Task brief:
Would you copy exactly the lines in the data below from the one that has "El cuadro orureño" through the one that has "Ума Турман на красной дорожке.", dropping any pictures?

Stored items:

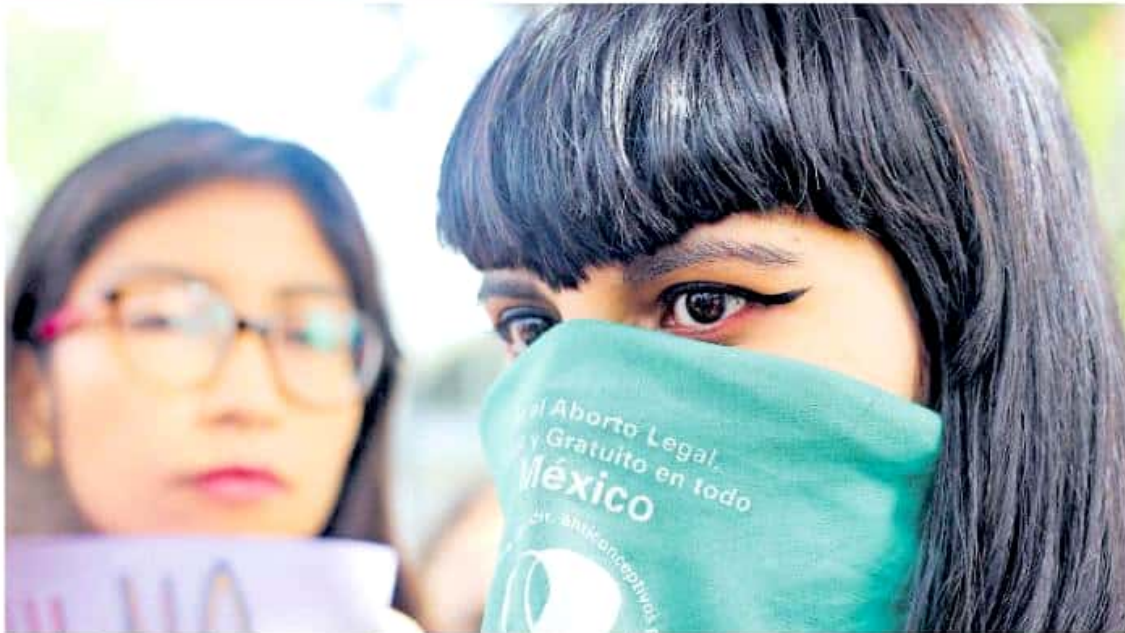
Las Universitarias expusieron que la Casa de Hidalgo ha ejercido violencia institucional contra las denunciantes.
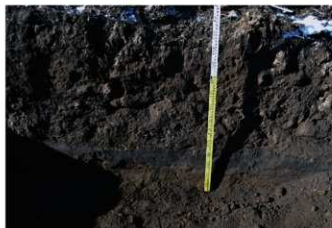
5. 4トレ土層2 (南東から)
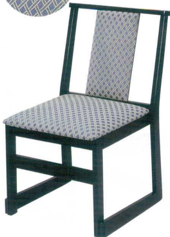
3-867-01 1700290 【木】青山高座椅子 グリーン(布) SH430 ¥23,000 W470×D590×H780/SH430 重量約6.2kg 梱3
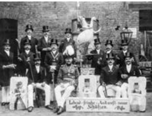
„Fackeln“ in Form von Motivwagen gehören schon seit mehr als 100 Jahren zum Neusser Schützenfest dazu.

2014 feierte das Rheinische Schützenmuseum Neuss sein 10-jähriges Jubiläum und kann inzwischen nicht nur auf die Einrichtung einer Dauerausstellung zur Geschichte des rheinischen Schützenwesens verweisen, sondern ebenso auf die erhebliche Erweiterung der Sammlungen von Museum und Archiv, zahlreiche Sonderausstellungen sowie verschiedene Projekte zur Erforschung des Schützenwesens im Rheinland.
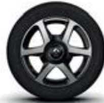
Jantes alu 15" «Argos»
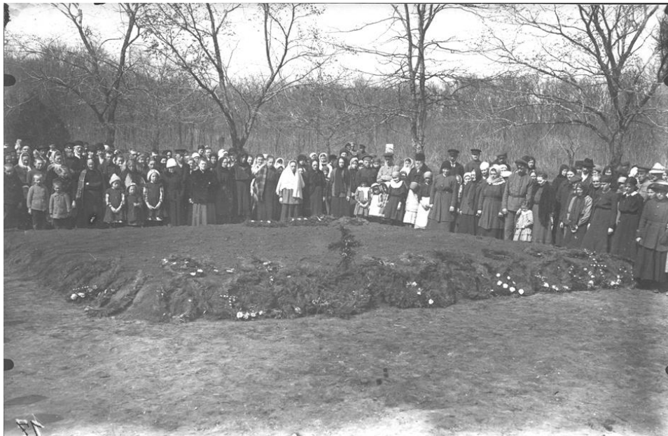
Massengrab der Opfer der Pogrome im Bürgerkrieg, Kolonie Blumenort, Ukraine, 1919

Im Schwarzmeergebiet wurden deutsche Siedler Opfer zahlreicher Pogrome und gerieten oft zwischen den Fronten des Bürgerkriegs.
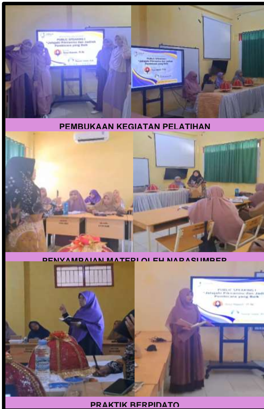
Gambar 1. Dokumentasi Kegiatan Pelatihan Public Speaking

Pada tahap pelaksanaan, pelatihan public speaking dibagi menjadi beberapa sesi yang terstruktur dengan baik, memberikan ruang bagi peserta untuk belajar secara bertahap dan terfokus. Metode pengajaran yang digunakan tidak hanya terbatas pada teori, tetapi juga menekankan pada praktik langsung melalui simulasi pidato. Simulasi ini dirancang
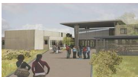
« Le Bocage/Dinard »
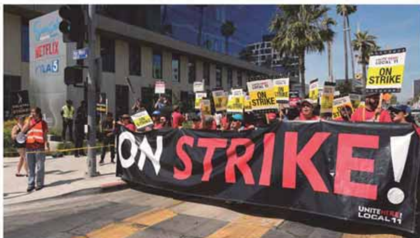
▲ 好萊塢編劇工會（WGA）罷工
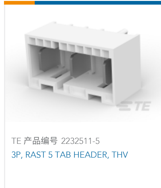
TE 产品编号 2232511-5 3P, RAST 5 TAB HEADER, THV
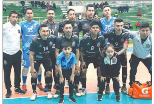
El cuadro orureño quiere sumar tres nuevas unidades en casa

El equipo de El Alto conoce bien el escenario de Oruro y al rival al que se enfrentará, por lo que tomará todas las precauciones necesarias para intentar sorprender al bicampeón en su propio terreno y buscar
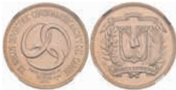
867 30 Pesos, Gold, 1974, Mittelamerikanische Spiele, KM 36, NGC - MS 68 600,—
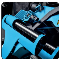
Tête avec coulissement radial
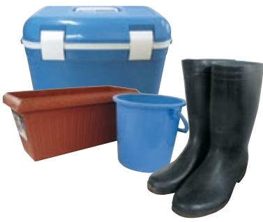
30cm四方より大きく45ℓまでの 指定袋に収まるもの

30cm四方より大きく、45ℓまでの指定袋に収まる燃える素材のもの 又は金属等と一緒にあって分解が必要なもの。※資源ごみを除く
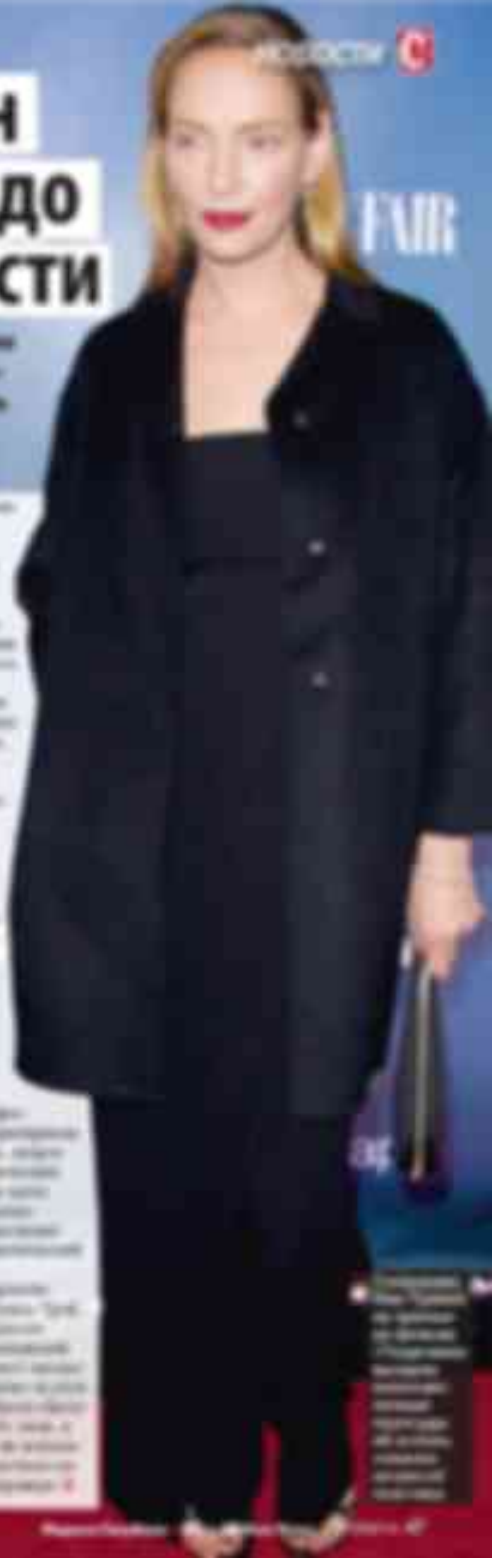
Ума Турман на красной дорожке.

М одные эксперты считают Уму Турман одной из самых стильных актрис современности. «Возвращение к истокам» — именно так можно охарактеризовать ее последние модные решения. Она предпочитает лаконичные и минималистичные образы, которые подчеркивают ее природную красоту. В последнее время она особенно часто выбирает темные оттенки, которые делают ее образ еще более загадочным и элегантным. Ума Турман — это пример того, как можно оставаться модной и актуальной, следуя своим внутренним предпочтениям и не боясь экспериментировать с цветом и формой. Ее стиль — это сочетание классики и современных тенденций, что делает ее образ по-настоящему уникальным и вдохновляющим.
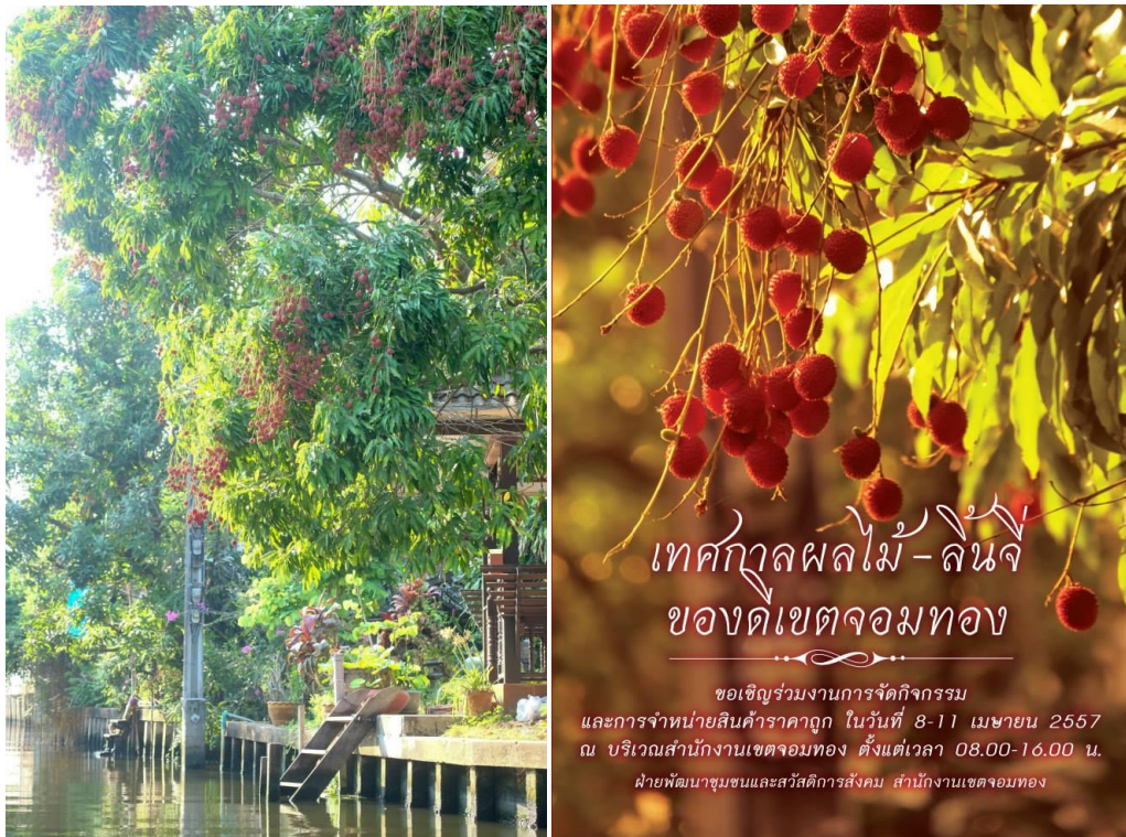
สวนลื่นจี จอมทอง

คลองบางขุนเทียน มีเส้นทางจากทิศเหนือลงใต้ แยกจากคลองด่านและคลองสนามชัย มีคลองตัดแยกจากคลองบางขุนเทียน เช่น คลองดาวคะนอง คลองลัดเซ็ดหน้า เป็นต้น ไปจรดคลองตรงและคลองบางมด เป็นพื้นที่สวนลื่นจีดั้งเดิม บริเวณสามแยกคลองบางขุนเทียนและคลองดาวคะนอง เรียกว่า แยกคู้งลื่นจี หรือสามง่าม เมื่อสมัยกรุงศรีอยุธยาตอนปลาย เกิดชุมชนบริเวณคลองบางขุนเทียน ดังปรากฏการสร้างวัดยมโลก (บางขุนเทียนนอก) พ.ศ. ๒๒๕๖ วัดบางขุนเทียนกลาง พ.ศ. ๒๓๐๐ และวัดขุนน (บางขุนเทียนใน) พ.ศ. ๒๓๐๐
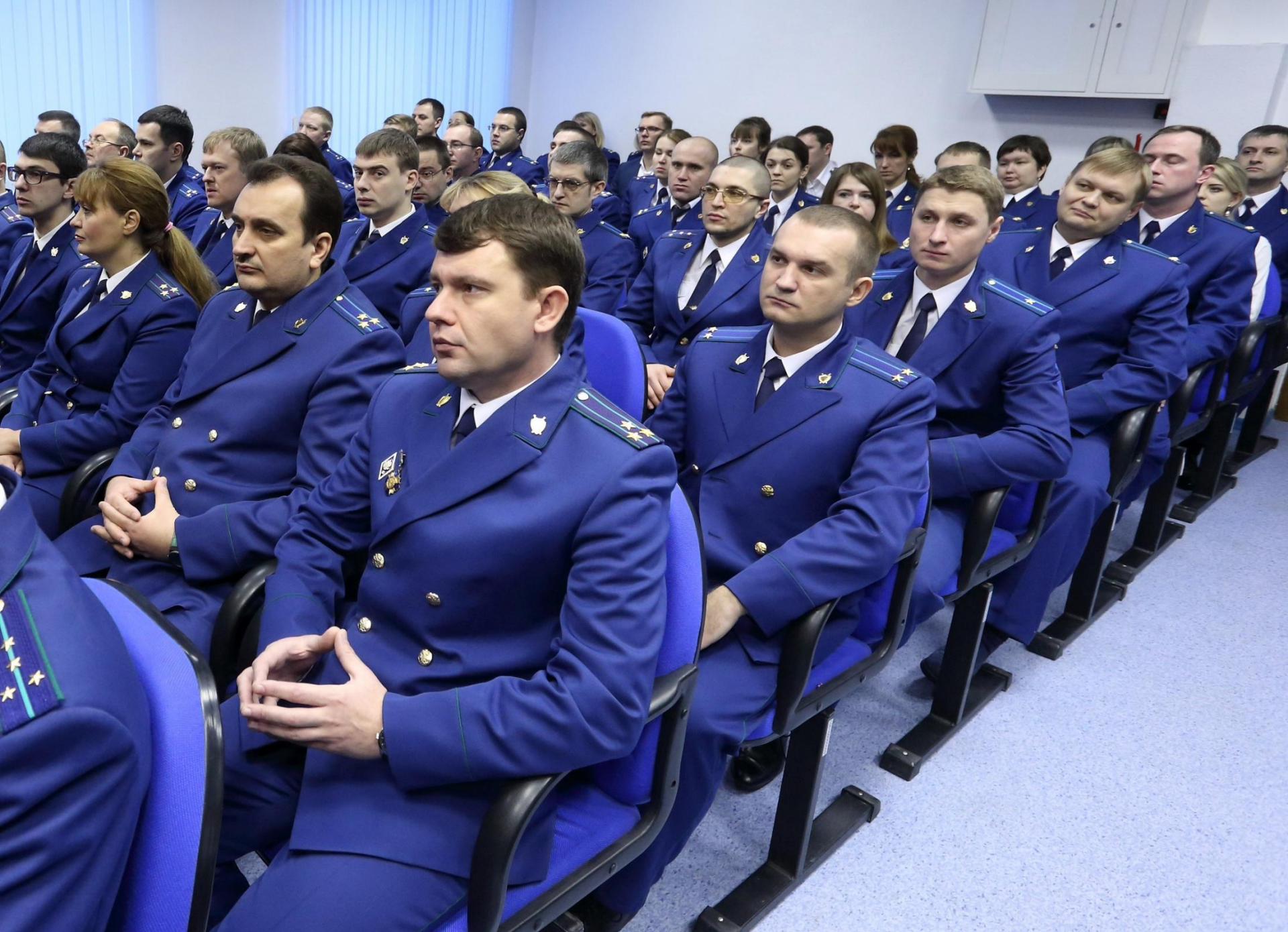
Прокуроры в наши дни
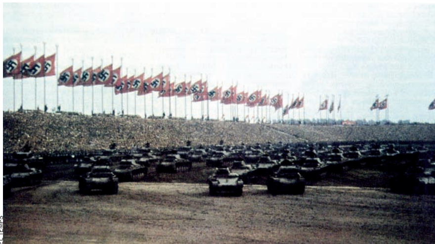
Desfilada de tancs al congrés del Partit Nacional Socialista dels Treballadors Alemanys a Nuremberg, el 1938. Els advertiments de Churchill sobre Hitler van ser ignorats.

La matança de la guerra de trinxeres refreda l'entusiasme romàntic de Churchill per la guerra; després de pocs mesos presenta la dimissió i torna a exercir un càrrec de ministre. Hitler, en canvi, ha de lluitar fins al final.
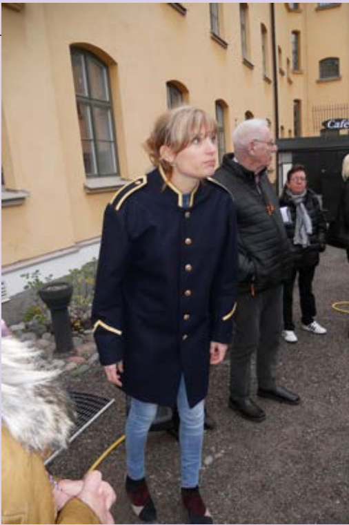
Engagerad guide på Långholmen.
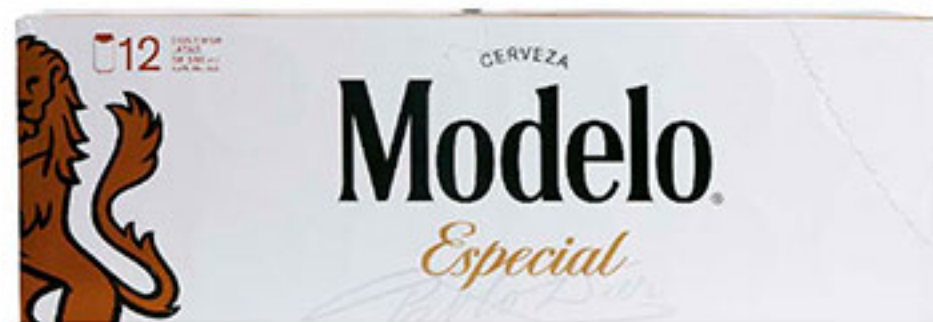
12 pack cerveza MODELO ESPECIAL 355ml
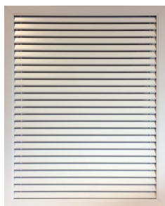
Grille de reprise T.One® AquaAIR/T.One® AIR
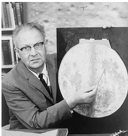
Дж. Койпер в Лунно-планетной лаборатории Аризонского университета. Начало 1960-х гг.

эволюцию Луны и историю ее поверхности стал близок к современной планетной космогонии. Именно Койпер по снимкам Луны детально изучил последовательность ударного образования лунных морей, поэтапное расплавление оболочки Луны с выходом базальтовых лав на поверхность в ударных впадинах.
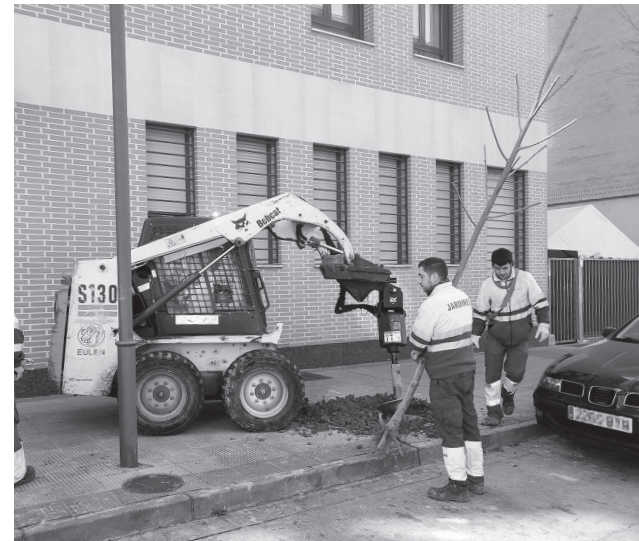
■ Plantación de árboles en alcorques de la ciudad.

Esta campaña se suma a las realizadas en años anteriores. Entre 2019 y 2022, el Ayuntamiento ha plantado 3 986 árboles y 12 061 arbustos en Logroño. Con estos datos, la masa forestal
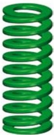
1. Lage Belasting

1 kp = 9,80665 newton, 1 newton = 0.10197 kp
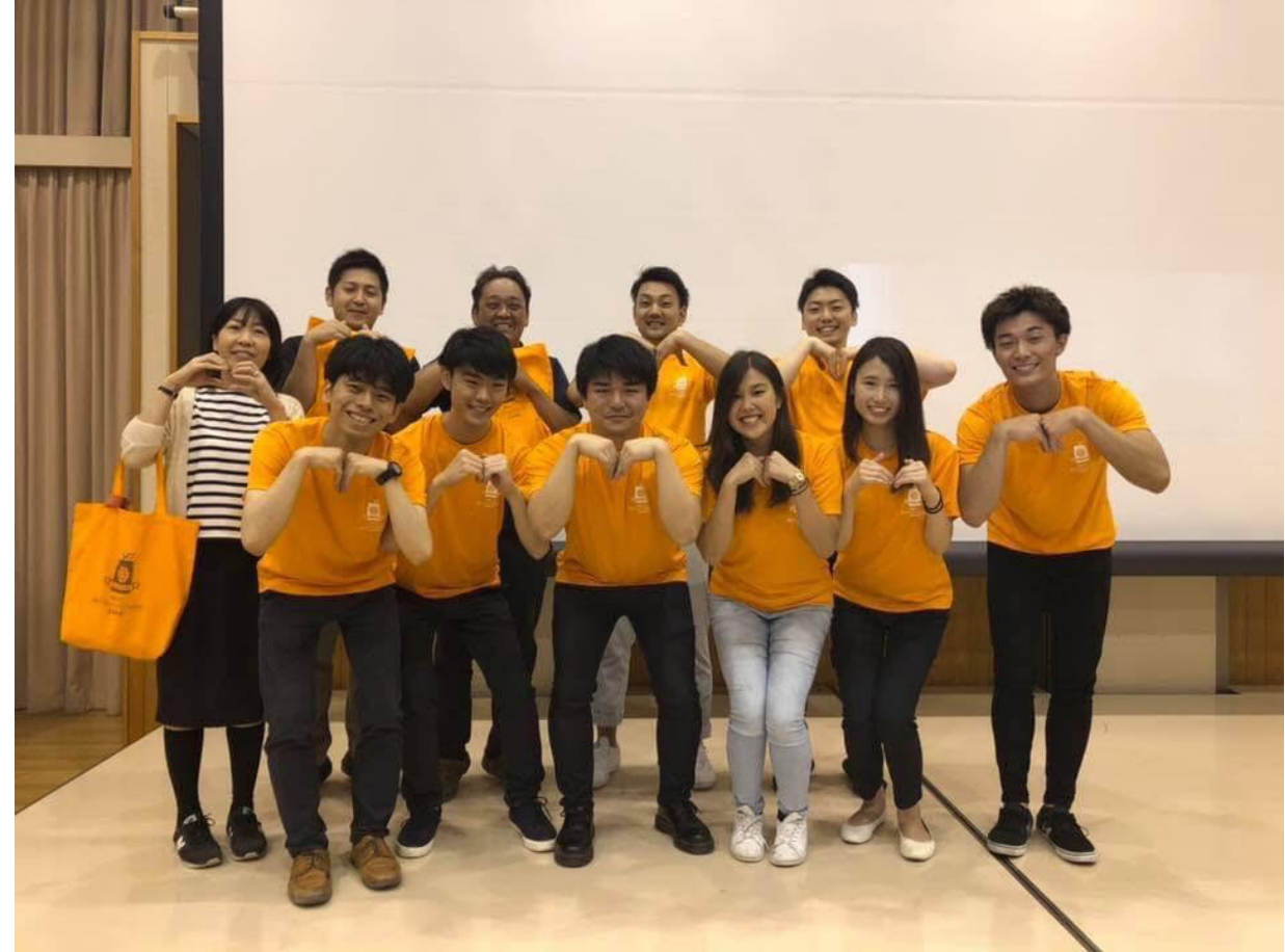
「八幡浜市で一週間のフィールドワークを行なった後 、マーマレードのMポーズ」

Result below:
El cuadro orureño quiere sumar tres nuevas unidades en casa

El equipo de El Alto conoce bien el escenario de Oruro y al rival al que se enfrentará, por lo que tomará todas las precauciones necesarias para intentar sorprender al bicampeón en su propio terreno y buscar
867 30 Pesos, Gold, 1974, Mittelamerikanische Spiele, KM 36, NGC - MS 68 600,—
Tête avec coulissement radial
30cm四方より大きく45ℓまでの 指定袋に収まるもの

30cm四方より大きく、45ℓまでの指定袋に収まる燃える素材のもの 又は金属等と一緒にあって分解が必要なもの。※資源ごみを除く
Ума Турман на красной дорожке.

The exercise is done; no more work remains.